- Data under study -

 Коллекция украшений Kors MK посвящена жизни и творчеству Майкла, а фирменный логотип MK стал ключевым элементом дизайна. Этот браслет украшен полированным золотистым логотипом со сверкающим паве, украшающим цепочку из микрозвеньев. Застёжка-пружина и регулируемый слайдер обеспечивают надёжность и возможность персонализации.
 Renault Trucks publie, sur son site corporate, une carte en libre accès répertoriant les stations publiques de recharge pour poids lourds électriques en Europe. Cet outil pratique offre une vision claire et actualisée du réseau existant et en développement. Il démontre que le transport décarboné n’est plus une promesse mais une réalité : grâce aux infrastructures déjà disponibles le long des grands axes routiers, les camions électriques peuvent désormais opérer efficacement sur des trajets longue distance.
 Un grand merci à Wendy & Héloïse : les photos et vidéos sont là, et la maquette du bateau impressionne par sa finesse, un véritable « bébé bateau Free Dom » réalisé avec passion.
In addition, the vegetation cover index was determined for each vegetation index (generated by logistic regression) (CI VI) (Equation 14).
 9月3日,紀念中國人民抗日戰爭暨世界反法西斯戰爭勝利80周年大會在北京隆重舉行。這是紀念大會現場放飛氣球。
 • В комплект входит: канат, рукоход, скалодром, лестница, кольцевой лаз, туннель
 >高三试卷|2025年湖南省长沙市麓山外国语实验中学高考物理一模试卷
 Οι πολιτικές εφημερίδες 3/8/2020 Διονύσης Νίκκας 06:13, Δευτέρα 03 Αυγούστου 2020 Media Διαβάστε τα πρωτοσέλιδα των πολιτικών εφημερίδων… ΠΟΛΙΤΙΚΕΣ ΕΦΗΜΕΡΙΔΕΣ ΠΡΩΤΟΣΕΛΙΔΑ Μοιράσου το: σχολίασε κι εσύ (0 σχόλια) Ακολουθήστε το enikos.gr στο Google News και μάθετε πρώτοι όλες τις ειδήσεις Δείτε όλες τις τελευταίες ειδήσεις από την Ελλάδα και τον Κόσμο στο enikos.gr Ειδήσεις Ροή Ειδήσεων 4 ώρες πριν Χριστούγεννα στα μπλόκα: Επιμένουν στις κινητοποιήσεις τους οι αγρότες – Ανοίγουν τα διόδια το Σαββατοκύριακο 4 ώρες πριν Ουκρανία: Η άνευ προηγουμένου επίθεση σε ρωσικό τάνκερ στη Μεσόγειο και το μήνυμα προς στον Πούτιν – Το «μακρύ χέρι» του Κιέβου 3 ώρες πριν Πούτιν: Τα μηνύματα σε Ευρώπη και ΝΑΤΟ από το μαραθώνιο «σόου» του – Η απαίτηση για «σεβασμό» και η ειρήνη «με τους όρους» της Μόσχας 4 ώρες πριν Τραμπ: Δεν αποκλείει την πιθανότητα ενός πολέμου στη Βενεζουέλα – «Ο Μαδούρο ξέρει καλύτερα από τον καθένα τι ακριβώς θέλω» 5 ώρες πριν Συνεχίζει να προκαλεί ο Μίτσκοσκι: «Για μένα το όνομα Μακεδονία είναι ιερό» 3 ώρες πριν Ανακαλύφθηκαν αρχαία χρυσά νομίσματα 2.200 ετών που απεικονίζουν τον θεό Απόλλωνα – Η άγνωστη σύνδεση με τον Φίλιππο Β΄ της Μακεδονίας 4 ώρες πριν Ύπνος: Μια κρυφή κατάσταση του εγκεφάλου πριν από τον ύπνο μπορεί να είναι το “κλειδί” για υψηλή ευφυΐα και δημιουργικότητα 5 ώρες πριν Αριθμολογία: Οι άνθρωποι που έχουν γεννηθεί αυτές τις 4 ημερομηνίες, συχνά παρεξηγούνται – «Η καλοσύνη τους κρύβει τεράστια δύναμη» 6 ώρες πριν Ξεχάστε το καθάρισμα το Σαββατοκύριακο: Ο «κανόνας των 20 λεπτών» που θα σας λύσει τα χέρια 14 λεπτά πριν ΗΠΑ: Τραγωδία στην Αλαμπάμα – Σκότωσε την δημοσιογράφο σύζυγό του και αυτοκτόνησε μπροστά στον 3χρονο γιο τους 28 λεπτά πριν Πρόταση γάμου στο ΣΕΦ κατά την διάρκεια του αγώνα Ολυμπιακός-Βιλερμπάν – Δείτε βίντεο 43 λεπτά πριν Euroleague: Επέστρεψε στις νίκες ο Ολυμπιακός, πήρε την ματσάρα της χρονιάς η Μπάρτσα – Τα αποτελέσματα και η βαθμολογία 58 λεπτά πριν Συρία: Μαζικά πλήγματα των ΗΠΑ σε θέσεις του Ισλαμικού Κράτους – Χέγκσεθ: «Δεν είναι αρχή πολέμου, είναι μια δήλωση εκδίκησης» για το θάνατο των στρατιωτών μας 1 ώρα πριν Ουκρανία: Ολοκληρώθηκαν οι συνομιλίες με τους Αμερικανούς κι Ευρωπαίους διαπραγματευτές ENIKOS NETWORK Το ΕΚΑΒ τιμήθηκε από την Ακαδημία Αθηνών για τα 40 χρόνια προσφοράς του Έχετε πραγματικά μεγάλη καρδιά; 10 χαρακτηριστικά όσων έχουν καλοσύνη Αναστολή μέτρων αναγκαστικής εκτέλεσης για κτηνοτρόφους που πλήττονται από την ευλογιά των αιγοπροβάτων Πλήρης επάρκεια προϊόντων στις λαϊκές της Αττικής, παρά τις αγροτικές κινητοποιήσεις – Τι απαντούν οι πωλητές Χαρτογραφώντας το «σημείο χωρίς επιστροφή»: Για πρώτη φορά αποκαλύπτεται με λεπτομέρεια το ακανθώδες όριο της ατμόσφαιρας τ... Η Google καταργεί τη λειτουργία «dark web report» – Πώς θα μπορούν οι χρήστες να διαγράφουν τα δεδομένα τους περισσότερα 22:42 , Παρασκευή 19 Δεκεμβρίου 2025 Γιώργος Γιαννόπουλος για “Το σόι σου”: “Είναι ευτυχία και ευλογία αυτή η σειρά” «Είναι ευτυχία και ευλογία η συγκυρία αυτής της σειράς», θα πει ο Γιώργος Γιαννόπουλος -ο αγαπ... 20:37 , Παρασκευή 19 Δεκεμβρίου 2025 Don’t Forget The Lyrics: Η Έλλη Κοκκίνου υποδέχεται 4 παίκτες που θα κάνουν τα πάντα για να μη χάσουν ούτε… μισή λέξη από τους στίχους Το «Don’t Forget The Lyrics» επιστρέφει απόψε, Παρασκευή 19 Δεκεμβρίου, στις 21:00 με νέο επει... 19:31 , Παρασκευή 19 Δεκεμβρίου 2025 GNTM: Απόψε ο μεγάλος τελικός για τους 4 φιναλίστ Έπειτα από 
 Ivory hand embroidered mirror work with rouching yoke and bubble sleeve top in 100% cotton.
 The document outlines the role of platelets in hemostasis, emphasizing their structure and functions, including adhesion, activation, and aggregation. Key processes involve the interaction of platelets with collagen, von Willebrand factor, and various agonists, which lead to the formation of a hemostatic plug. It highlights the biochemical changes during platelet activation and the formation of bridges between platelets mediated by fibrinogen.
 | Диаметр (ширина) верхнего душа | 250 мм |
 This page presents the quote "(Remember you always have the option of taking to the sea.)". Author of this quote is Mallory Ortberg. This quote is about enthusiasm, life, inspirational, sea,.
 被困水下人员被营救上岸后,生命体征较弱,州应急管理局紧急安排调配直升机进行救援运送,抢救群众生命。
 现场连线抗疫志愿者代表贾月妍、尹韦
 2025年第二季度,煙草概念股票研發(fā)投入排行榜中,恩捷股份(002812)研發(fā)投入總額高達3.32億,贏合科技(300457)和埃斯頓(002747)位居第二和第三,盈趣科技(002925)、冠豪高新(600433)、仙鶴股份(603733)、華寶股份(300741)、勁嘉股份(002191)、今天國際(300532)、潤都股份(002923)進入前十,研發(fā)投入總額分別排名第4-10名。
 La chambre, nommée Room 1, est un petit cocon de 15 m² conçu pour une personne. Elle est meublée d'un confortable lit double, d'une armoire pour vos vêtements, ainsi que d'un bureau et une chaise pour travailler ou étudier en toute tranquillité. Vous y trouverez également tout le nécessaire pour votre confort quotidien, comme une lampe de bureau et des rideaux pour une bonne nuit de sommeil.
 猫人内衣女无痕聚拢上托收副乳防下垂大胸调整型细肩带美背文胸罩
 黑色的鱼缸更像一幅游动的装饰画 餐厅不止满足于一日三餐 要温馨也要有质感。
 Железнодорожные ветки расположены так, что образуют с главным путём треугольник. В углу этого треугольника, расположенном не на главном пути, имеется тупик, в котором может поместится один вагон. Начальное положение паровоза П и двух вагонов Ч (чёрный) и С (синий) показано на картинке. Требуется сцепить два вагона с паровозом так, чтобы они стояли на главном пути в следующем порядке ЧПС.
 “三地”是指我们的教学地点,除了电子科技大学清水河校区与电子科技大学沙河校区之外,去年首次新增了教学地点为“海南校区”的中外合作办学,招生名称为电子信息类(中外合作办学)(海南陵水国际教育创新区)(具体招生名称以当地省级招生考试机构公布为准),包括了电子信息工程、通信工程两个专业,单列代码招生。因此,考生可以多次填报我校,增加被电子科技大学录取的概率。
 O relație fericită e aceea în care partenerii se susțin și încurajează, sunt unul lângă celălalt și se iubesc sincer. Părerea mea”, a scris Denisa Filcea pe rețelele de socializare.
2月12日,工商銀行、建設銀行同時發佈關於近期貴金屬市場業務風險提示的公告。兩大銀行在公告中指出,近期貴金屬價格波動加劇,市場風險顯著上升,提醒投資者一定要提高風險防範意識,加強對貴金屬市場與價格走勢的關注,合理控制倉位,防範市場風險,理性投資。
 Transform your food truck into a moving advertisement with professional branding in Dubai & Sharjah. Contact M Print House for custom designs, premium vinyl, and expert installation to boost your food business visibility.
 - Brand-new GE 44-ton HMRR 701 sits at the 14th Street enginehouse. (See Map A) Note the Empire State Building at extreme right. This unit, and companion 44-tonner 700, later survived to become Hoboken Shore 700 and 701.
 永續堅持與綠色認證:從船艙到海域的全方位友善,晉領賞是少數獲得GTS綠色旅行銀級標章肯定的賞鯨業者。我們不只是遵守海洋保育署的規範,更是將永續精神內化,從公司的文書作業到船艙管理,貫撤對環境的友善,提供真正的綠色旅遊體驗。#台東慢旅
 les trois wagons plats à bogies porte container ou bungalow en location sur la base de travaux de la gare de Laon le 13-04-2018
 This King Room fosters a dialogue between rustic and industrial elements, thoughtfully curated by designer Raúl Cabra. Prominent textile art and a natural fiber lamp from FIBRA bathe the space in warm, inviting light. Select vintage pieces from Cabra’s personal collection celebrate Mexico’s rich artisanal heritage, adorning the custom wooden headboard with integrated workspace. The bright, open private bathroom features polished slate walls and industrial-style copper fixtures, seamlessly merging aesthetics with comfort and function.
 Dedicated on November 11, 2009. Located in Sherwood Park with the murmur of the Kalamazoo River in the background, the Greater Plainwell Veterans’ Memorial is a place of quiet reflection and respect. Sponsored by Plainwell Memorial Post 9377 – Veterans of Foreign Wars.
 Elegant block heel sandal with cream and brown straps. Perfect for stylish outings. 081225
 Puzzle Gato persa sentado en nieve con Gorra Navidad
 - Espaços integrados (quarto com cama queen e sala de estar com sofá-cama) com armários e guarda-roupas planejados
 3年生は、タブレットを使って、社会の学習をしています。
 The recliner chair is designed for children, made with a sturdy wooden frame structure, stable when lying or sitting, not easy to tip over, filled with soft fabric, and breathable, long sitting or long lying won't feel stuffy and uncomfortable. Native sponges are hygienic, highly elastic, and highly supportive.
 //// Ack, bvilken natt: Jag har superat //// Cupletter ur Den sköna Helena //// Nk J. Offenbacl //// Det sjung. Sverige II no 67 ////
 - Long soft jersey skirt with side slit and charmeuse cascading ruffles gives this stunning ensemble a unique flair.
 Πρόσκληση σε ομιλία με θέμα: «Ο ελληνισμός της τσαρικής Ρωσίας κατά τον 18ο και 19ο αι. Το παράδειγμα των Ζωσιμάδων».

- Required action -
Filter the listing above down to the lines that contain the word "pour".

- Task response -
 Renault Trucks publie, sur son site corporate, une carte en libre accès répertoriant les stations publiques de recharge pour poids lourds électriques en Europe. Cet outil pratique offre une vision claire et actualisée du réseau existant et en développement. Il démontre que le transport décarboné n’est plus une promesse mais une réalité : grâce aux infrastructures déjà disponibles le long des grands axes routiers, les camions électriques peuvent désormais opérer efficacement sur des trajets longue distance.
 La chambre, nommée Room 1, est un petit cocon de 15 m² conçu pour une personne. Elle est meublée d'un confortable lit double, d'une armoire pour vos vêtements, ainsi que d'un bureau et une chaise pour travailler ou étudier en toute tranquillité. Vous y trouverez également tout le nécessaire pour votre confort quotidien, comme une lampe de bureau et des rideaux pour une bonne nuit de sommeil.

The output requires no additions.